Word for word, repeat the data; no picture should appear in the result.

**SUPPLIED INFORMATION**
------------------------------------------------------------

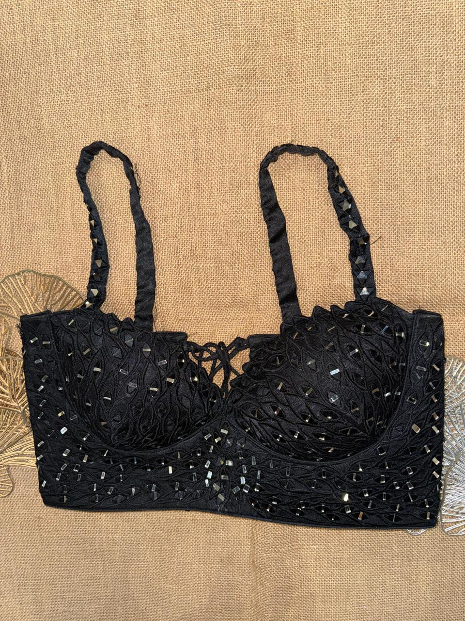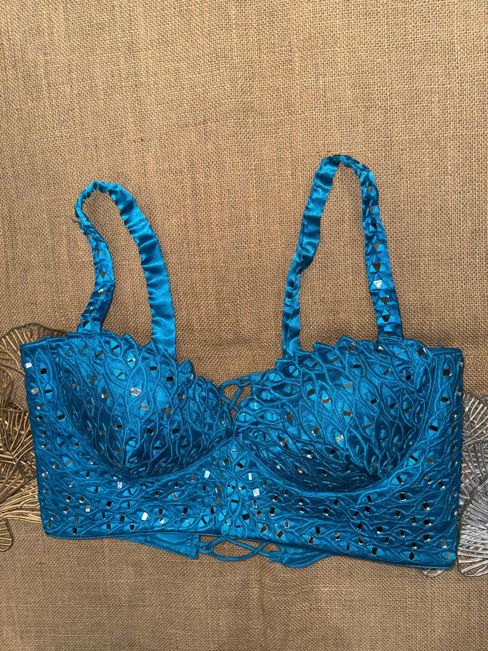 Mirror Work Strappy Party Corset Blouse
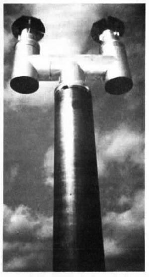 An 8-in. to 6-in. reducer goes on top of the pipe. A 6-in. cross pipe is fitted with two short 6-in. vertical pipes that are open on either end. The vertical pipes are tilted slightly inward toward each other to create a great than 90? bend, making it more difficult for wind to find its way down the stack. A 6-in. to 4-in. reducer mounts on top each short pipe, topped by 4-in. chimney caps.
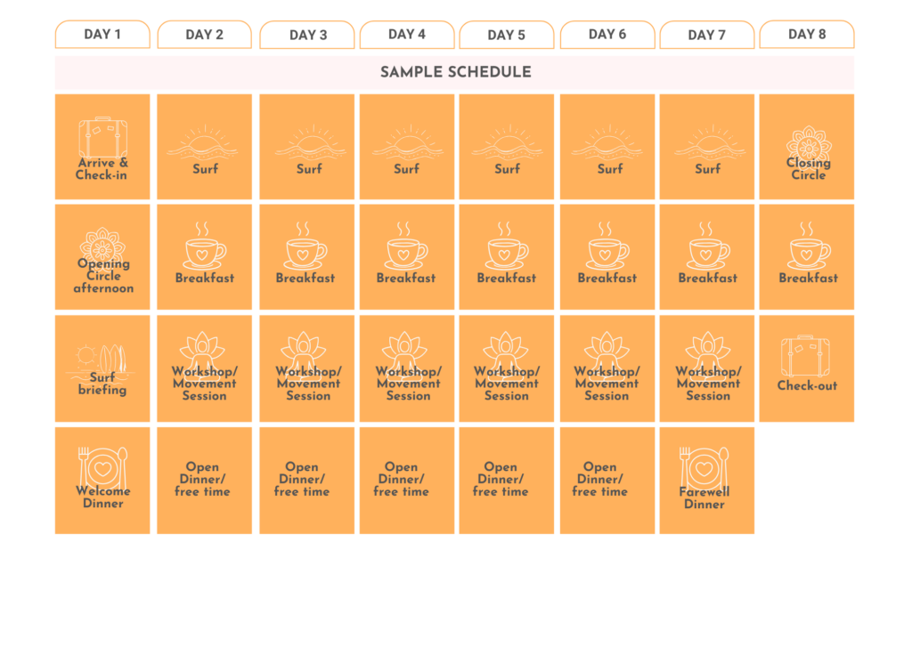 Build lasting friendships and a supportive network with other women who share your passion for surfing and personal growth. We are a small group retreat to provide an intimate and safe experience.
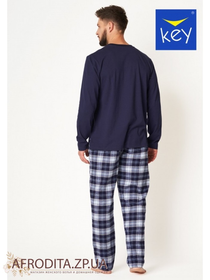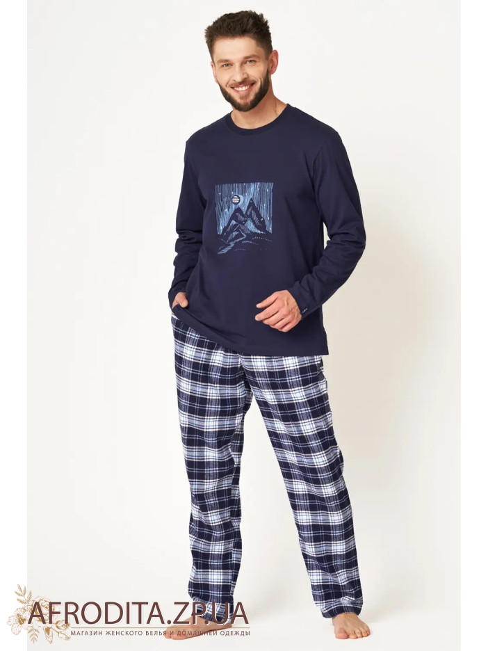 Мужская пижама с брюками MNS 412 B24 изготовленная из натурального хлопка. Комплект состоит из джемпера темно-синего цвета с длинным рукавом и штанов прямого кроя в шотландскую клетку.

------------------------------------------------------------

**RESPONSE TO THIS TASK**
 Mirror Work Strappy Party Corset Blouse
 An 8-in. to 6-in. reducer goes on top of the pipe. A 6-in. cross pipe is fitted with two short 6-in. vertical pipes that are open on either end. The vertical pipes are tilted slightly inward toward each other to create a great than 90? bend, making it more difficult for wind to find its way down the stack. A 6-in. to 4-in. reducer mounts on top each short pipe, topped by 4-in. chimney caps.
 Build lasting friendships and a supportive network with other women who share your passion for surfing and personal growth. We are a small group retreat to provide an intimate and safe experience.
 Мужская пижама с брюками MNS 412 B24 изготовленная из натурального хлопка. Комплект состоит из джемпера темно-синего цвета с длинным рукавом и штанов прямого кроя в шотландскую клетку.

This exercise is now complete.